Читаем На исходе ночи полностью

Пройдя через двор, я оглянулся: в окне мезонина сидел Лефортовский и очень грустно смотрел мне вслед. Я подумал: «Рисовка, ну его к черту!»

И все-таки сжалось сердце. Мне было бы отраднее сидеть сейчас с ним, с моим товарищем детства, и вспоминать прошлое, мечтать о будущем и чувствовать к другу доверие без предела, и уважение, и любовь. Мне стало тяжело. Юность проходит, и наступает зрелость, более мужественная и неизбежно менее доверчивая. Учимся настороженности.

Среди дня я побывал на двух предприятиях у себя в подрайоне. Затем зашел к чернорабочим красильной фабрики. Встретился с Ильей Ермиловичем. Застал там, как было условлено, Степу. В закуточке дочери Ильи Ермиловича в ее отсутствие собралось человек десять, — это только часть предполагаемого комитета по руководству будущей стачкой. Основные цехи не прислали своих представителей, настроение, там все еще неопределенное. Подготовка стачки наталкивается на серьезные препятствия.

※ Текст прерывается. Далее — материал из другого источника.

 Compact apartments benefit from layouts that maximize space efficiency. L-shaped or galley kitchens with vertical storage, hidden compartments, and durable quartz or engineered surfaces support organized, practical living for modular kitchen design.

Решили усилить агитацию. И признали обязательным, чтобы я вошел в непосредственное общение с рабочими основных цехов.

Илья Ермилович поблагодарил меня за состоявшееся знакомство его дочери с Соней.

На другой день я побывал на спальнях основных цехов и убедился, что отношение там к чернорабочим настороженное, не очень доверяют их устойчивости и сознательности.

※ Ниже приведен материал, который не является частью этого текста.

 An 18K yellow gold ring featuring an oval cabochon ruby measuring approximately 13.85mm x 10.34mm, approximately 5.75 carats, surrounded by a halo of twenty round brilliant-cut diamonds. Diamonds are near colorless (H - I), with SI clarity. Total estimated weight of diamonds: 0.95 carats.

Перед самым вечером пришлось задержаться в одном из кружков, которые мне передала Соня. Там уже настало время оформлять существование небольшой партийной ячейки. Надо только еще раз проверить у Сони впечатление о тех людях.

А когда подошел вечер, я отправился к Викентию — опять на ту же квартиру циркового артиста.

— Ах, здравствуйте, здравствуйте, дорогой Павел! Ну как, дружище, дела?

Викентий был один.

— Пока никто не явился, я хочу, Павел, вас кое о чем расспросить. Вы были в ссылке с товарищем Лефортовским? Вы знаете, что он бежал и приехал сюда?

— Что бежал — не знаю. А что здесь — знаю.

— Умный, не правда ли? И кажется, с большим теоретическим багажом, особенно в философии. Я его помню по пятому году…

Во мне еще горело возмущение против Лефортовского, и разговор Викентия о нем оказался для меня как рывок ветра, раздувающий притихший костер.

— Что вы о нем скажете? По-моему, он вполне…

Я перебил:

— Вполне созрел для ренегатства…

— Павел, что вы говорите? Как вам не стыдно? А доказательства? А факты?

— Он эмпириомонист, эмпириокритицист, прагматист… и вообще гнать его вон от нас!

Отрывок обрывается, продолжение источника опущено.